Run cells sequentially. The notebook contains starter code and exercises to complete.

Submit the completed notebook and a short PDF report with your answers and interpretations. There are 6 Questions.¶

  • This notebook contains starter code: training parameters, hyperparameter search, and deeper analyses are encouraged to be updated.
  • The dataset generation is reproducible and small by default to allow quick runs.

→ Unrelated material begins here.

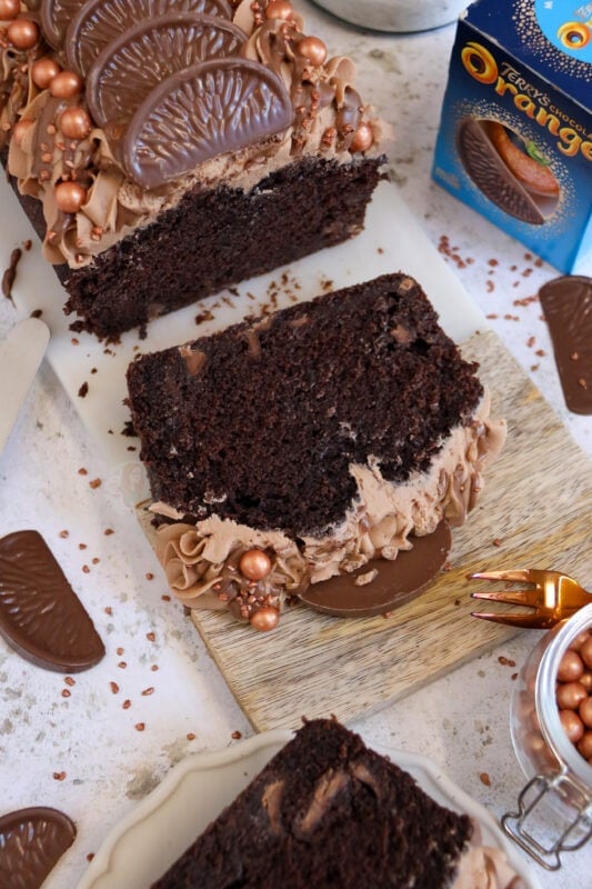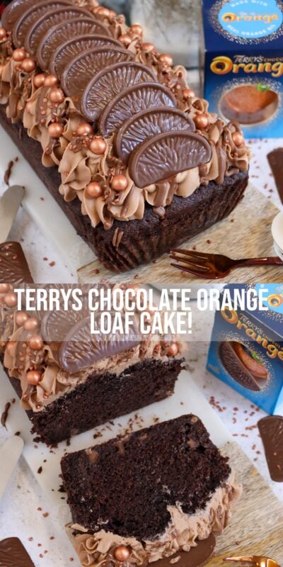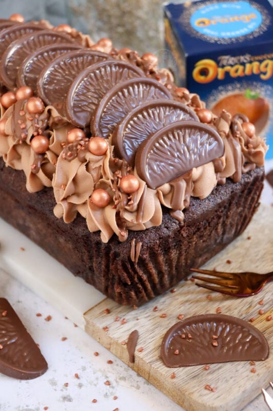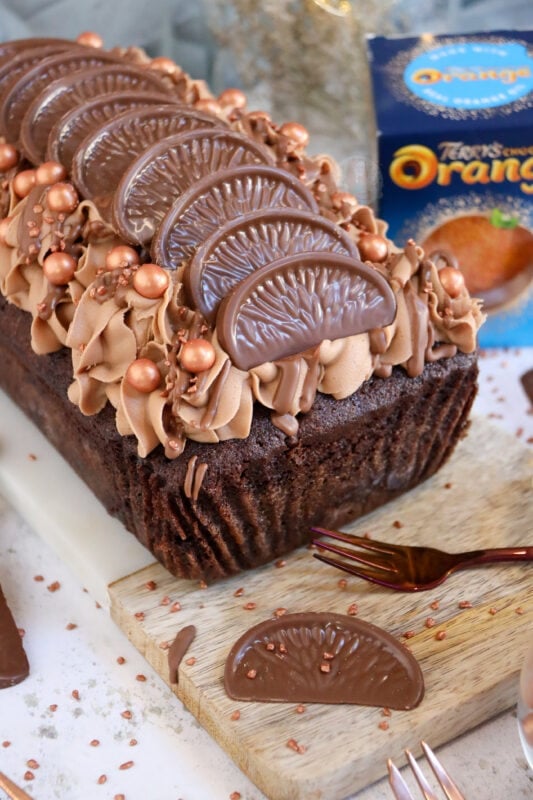 A delicious and sweet Terry’s chocolate orange loaf cake studded with Terry’s chocolate orange chunks, and a Terry’s chocolate orange buttercream frosting!
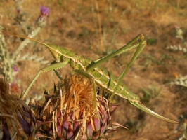 La magicienne dentelée Saga pedo est sans doute le plus grand insecte de France, avec une longueur complète du corps de 9 à 11 cm (l’oviscapte, c’est-à-dire l’organe permettant de pondre, fait à lui seul 4 cm). Cette sauterelle extraordinaire n’a pas d’ailes et, fait rarissime chez les orthoptères et unique en France, les mâles de magicienne dentelée n’existent pas. Les femelles se reproduisent par parthénogénèse (reproduction asexuée). Les descendants de chaque femelle sont donc des clones.

1. Setup: imports and utility functions¶

In [1]:
import numpy as np
import matplotlib.pyplot as plt
import random
from sklearn.metrics import roc_auc_score, roc_curve, precision_recall_curve, auc
import tensorflow as tf
from tensorflow.keras import layers, models, optimizers, losses, callbacks

np.random.seed(42)
random.seed(42)

# Simple one-hot encoding utilities
BASES = ['A','C','G','T']
_base_to_idx = {b:i for i,b in enumerate(BASES)}

def one_hot_encode_seqs(seqs):
    """Encode a list of uppercase DNA sequences (A,C,G,T) to shape (N, L, 4)."""
    N = len(seqs)
    L = len(seqs[0])
    arr = np.zeros((N, L, 4), dtype=np.float32)
    for i,s in enumerate(seqs):
        for j,ch in enumerate(s):
            arr[i,j,_base_to_idx.get(ch,'A')] = 1.0
    return arr


def seqs_from_onehot(X):
    # convert back to seqs by argmax
    seqs = []
    for i in range(X.shape[0]):
        seq = ''.join(BASES[int(np.argmax(X[i,j]))] for j in range(X.shape[1]))
        seqs.append(seq)
    return seqs

2. Synthetic dataset generation¶

By default the notebook provides a functioning generator that creates sequences of length 101, implants a motif at a random position in positives, and returns train/val/test splits.

Exercise: change motif, embed multiple motifs, or vary sequence length for analysis.

In [2]:
# Synthetic data generator

def generate_synthetic_dataset(num_pos=2000, num_neg=2000, seq_len=101, motif='ACGTG', motif_prob=1.0, random_seed=42):
    """Generate synthetic sequences.
    - num_pos: number of positive examples
    - num_neg: number of negative examples
    - seq_len: length of each sequence
    - motif: motif string to implant in positives
    - motif_prob: probability that a positive contains the motif (allows noisy labels)
    Returns: (seqs, labels)
    """
    rng = np.random.RandomState(random_seed)
    def random_seq(L):
        return ''.join(rng.choice(BASES) for _ in range(L))

    pos_seqs = []
    for _ in range(num_pos):
        s = list(random_seq(seq_len))
        if rng.rand() <= motif_prob:
            # implant motif at random position so it fits
            k = len(motif)
            start = rng.randint(0, seq_len - k + 1)
            s[start:start+k] = list(motif)
        pos_seqs.append(''.join(s))

    neg_seqs = [random_seq(seq_len) for _ in range(num_neg)]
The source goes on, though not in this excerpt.